UN Tourism Secretary General Outlines Plans to Boost Job Creation in the Caribbean's Tourism Sector

KINGSTON, Jamaica – The United Nations Tourism Secretary-General,  Zurab Pololikashvili has outlined plans to boost job creation and investment in the Caribbean’s tourism industry.

zurbsUN Tourism Secretary-General, Zurab Zurab Pololikashvili addresses the 2nd Global Tourism Resilience Day ConferenceAddressing the second Global Tourism Resilience Day Conference, Pololikashvili underscored the importance of building the resilience of tourism in the Caribbean.

“We need presence; we need to support families whose income is only from tourism and agriculture, and fishing,” he said, adding “I promise all Jamaicans and all Caribbeans that we’ll be here talking about how to develop the tourist industry and how to create new jobs”.

The Secretary-General said jobs were crucial and that UN Tourism would be focussing more on job creation and investments.

“We need more money here, more foreign direct investments in the region” he said warning also “it’s not easy, it takes time.”
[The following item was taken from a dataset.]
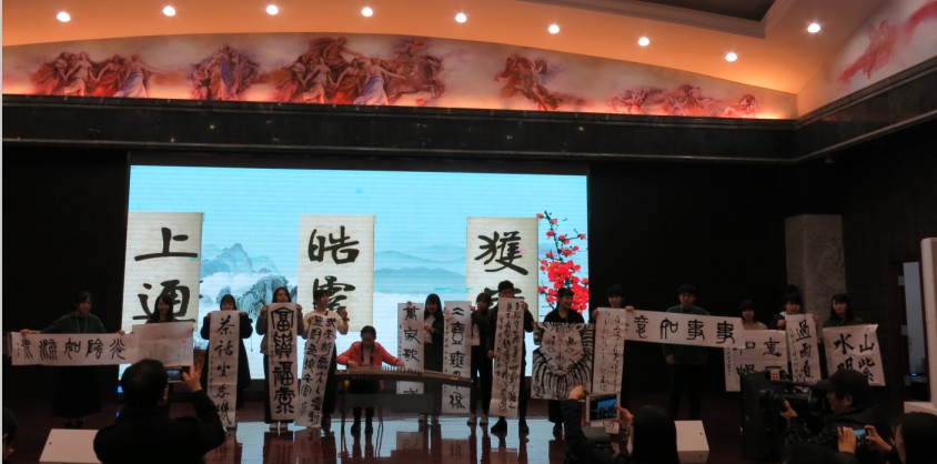 11月7日下午,“书以载道,墨海联谊”中日青少年书法交流大会在冀东书画艺术馆隆重举行。唐山市文联、唐山市文广新局、唐山市社科联、唐山市新联会、唐山盛唐发展总部、tyc3556太阳集团城网址、日本大阪教育大学、中国张裕钊书法研究会、唐山市胥各庄小学的领导和师生代表、广大书法爱好者以及社会各界人士约300人参加了此次活动。唐山市文联副主席罗旭东、盛唐发展总部党群工作部部长薛玉国、tyc3556太阳集团城网址国际交流中心主任李丽娜、唐山市胥各庄小学校长孙士尊、大阪教育大学教授加藤可奈卫、渡边美香、出野文莉、冀东书画艺术馆馆长陈启壮分别致辞。中日两校大学生代表上台发言。冀东书画艺术馆副秘书长党智多主持本次大会。大会现场进行了中日书法家、学生代表的书法展示以及古琴、茶艺等中华传统文化的展示活动。唐山电视台直播50分、腾讯网、网易新闻、长城网对本次活动进行了报道。

The conference was jointly organised by the Ministry of Tourism, UN Tourism (formerly the United Nations World Tourism Organization, UNWTO), and the Global Tourism Resilience and Crisis Management Centre (GTRCMC), which is being rebranded as the Global Tourism Resilience Centre (GTRC).

It was held under the theme “Navigating the Future of Tourism Resilience.”

Jamaica’s Tourism Minister Edmund Bartlett said “understanding the impact and the role that tourism is going to play in how the world changes and morphs into the future is important for us as we try to bring the next generation into an understanding of this great economic activity called tourism.”

Bartlett said the tourism sector is now regarded as one of the fastest ways of transferring wealth, arguably from the rich to the poor.

“So, tourism, in that space, has now become the main driver of this process of building capital across the world, and the value of tourism is that it is not really extracted. It can be but it is not; it adds value every step of the way and it encourages creativity and innovation,” he said.